- _TASK TO COMPLETE_:
Reproduce, exactly and only, the lines of the data that follows from the one containing "Rifa solidária vai" down to the one containing "Meanwhile, XRP ETFs", without pictures.
*** DATA FOR THE TASK ***
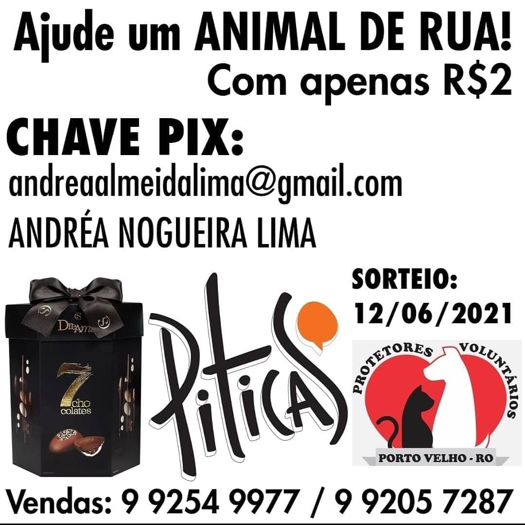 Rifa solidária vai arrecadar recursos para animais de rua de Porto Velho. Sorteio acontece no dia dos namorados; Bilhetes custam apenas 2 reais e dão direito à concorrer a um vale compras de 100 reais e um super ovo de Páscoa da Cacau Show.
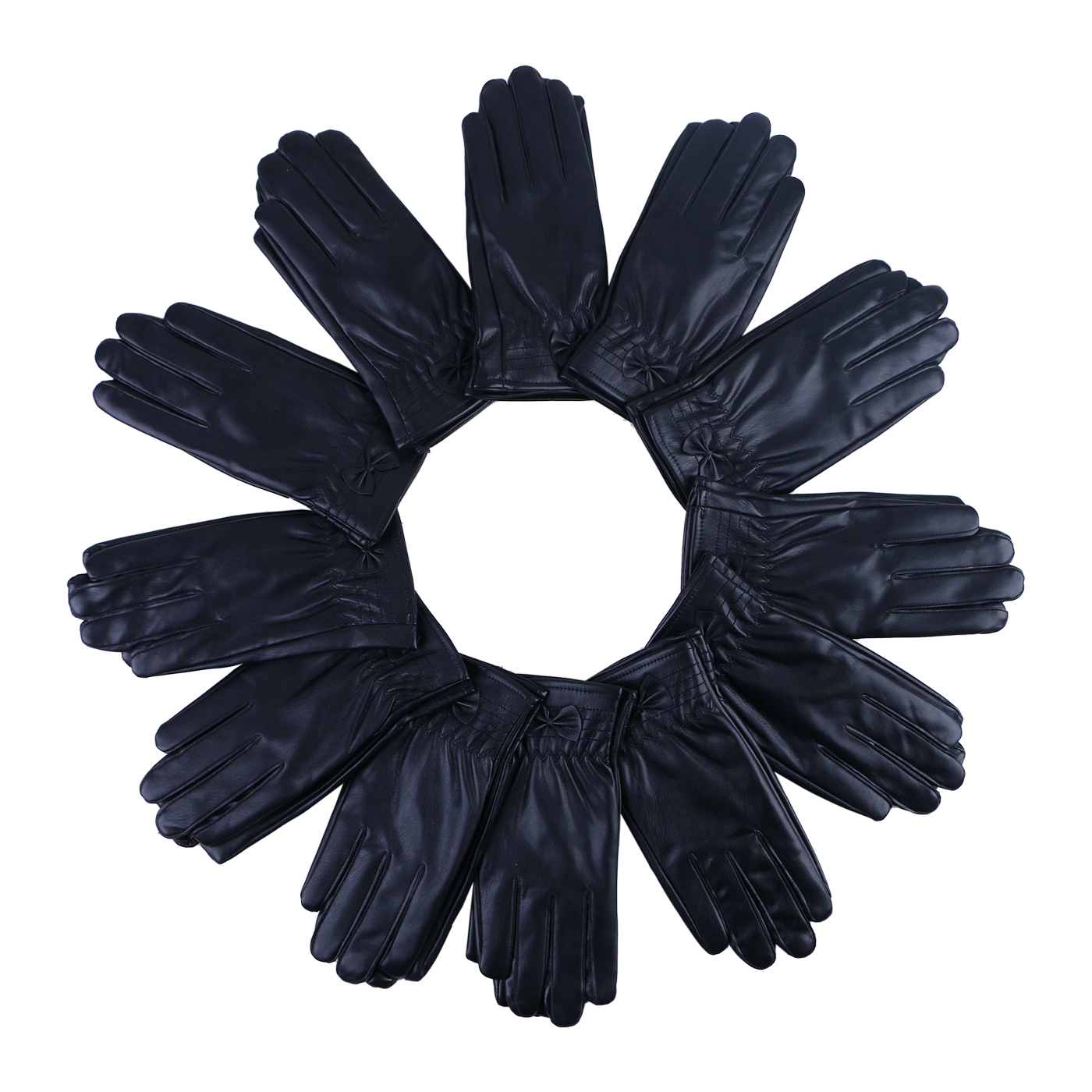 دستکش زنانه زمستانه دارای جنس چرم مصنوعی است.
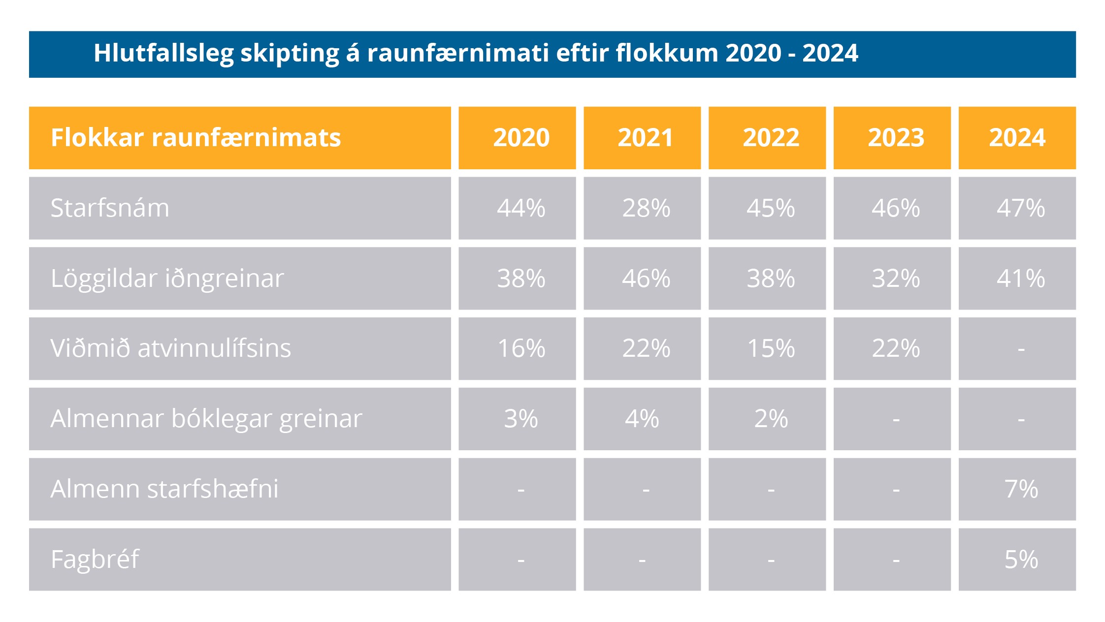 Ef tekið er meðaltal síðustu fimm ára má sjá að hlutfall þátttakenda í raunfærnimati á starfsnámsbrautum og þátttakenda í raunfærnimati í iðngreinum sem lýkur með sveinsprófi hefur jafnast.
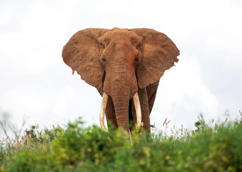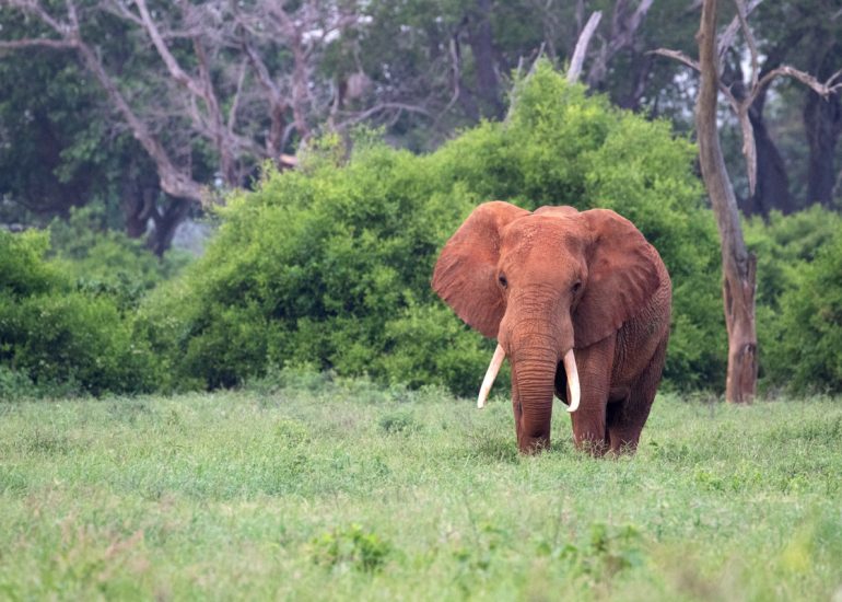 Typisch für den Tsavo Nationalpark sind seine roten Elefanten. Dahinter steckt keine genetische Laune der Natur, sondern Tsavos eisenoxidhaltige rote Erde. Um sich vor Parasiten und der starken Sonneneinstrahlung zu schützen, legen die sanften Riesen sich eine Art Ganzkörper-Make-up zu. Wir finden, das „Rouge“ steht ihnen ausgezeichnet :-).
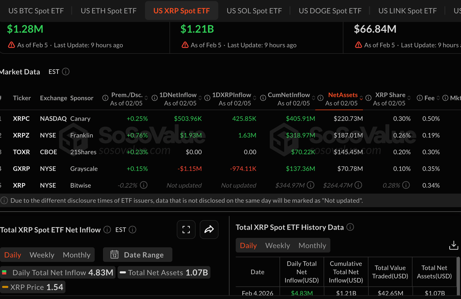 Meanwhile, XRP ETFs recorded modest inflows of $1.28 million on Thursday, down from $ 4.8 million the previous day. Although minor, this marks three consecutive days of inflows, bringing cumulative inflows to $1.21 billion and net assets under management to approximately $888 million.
*** End of DATA FOR THE TASK ***
*** DATA FOR THE TASK ***
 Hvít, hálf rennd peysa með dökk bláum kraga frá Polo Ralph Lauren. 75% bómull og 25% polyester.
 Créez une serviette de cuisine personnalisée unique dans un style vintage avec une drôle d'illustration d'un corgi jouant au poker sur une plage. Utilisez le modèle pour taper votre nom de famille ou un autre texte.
*** End of DATA FOR THE TASK ***
*** DATA FOR THE TASK ***
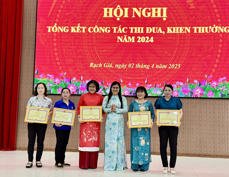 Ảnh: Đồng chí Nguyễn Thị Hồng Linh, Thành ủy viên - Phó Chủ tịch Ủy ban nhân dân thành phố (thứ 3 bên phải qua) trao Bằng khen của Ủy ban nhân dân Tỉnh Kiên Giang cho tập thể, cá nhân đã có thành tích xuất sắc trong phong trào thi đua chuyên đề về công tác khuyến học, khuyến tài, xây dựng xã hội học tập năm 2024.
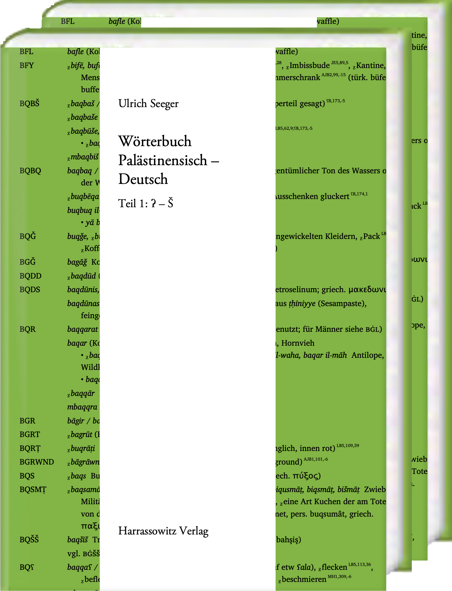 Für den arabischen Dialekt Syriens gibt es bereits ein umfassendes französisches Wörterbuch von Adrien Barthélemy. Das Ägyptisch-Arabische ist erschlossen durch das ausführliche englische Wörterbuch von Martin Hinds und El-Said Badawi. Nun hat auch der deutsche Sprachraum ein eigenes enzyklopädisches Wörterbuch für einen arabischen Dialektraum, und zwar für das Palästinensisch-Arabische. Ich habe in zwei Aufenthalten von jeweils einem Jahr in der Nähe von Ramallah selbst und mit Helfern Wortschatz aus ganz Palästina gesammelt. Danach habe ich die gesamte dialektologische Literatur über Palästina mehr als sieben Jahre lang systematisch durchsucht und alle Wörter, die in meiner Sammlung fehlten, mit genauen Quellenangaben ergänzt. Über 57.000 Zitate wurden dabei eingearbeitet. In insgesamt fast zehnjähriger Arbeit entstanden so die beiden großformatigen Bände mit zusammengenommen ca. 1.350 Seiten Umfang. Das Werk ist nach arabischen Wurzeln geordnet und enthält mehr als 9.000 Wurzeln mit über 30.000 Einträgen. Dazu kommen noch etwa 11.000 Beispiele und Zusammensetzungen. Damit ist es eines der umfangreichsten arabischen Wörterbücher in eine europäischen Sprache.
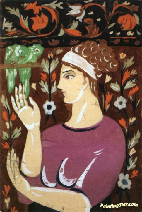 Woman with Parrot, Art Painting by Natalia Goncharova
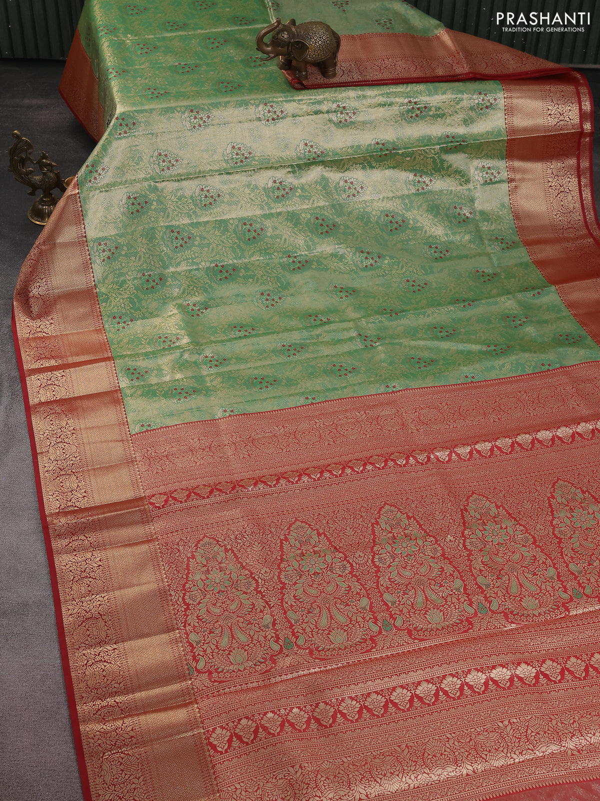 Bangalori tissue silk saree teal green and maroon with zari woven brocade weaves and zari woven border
*** End of DATA FOR THE TASK ***
- _EXERCISE SOLUTION_:
 Rifa solidária vai arrecadar recursos para animais de rua de Porto Velho. Sorteio acontece no dia dos namorados; Bilhetes custam apenas 2 reais e dão direito à concorrer a um vale compras de 100 reais e um super ovo de Páscoa da Cacau Show.
 دستکش زنانه زمستانه دارای جنس چرم مصنوعی است.
 Ef tekið er meðaltal síðustu fimm ára má sjá að hlutfall þátttakenda í raunfærnimati á starfsnámsbrautum og þátttakenda í raunfærnimati í iðngreinum sem lýkur með sveinsprófi hefur jafnast.
 Typisch für den Tsavo Nationalpark sind seine roten Elefanten. Dahinter steckt keine genetische Laune der Natur, sondern Tsavos eisenoxidhaltige rote Erde. Um sich vor Parasiten und der starken Sonneneinstrahlung zu schützen, legen die sanften Riesen sich eine Art Ganzkörper-Make-up zu. Wir finden, das „Rouge“ steht ihnen ausgezeichnet :-).
 Meanwhile, XRP ETFs recorded modest inflows of $1.28 million on Thursday, down from $ 4.8 million the previous day. Although minor, this marks three consecutive days of inflows, bringing cumulative inflows to $1.21 billion and net assets under management to approximately $888 million.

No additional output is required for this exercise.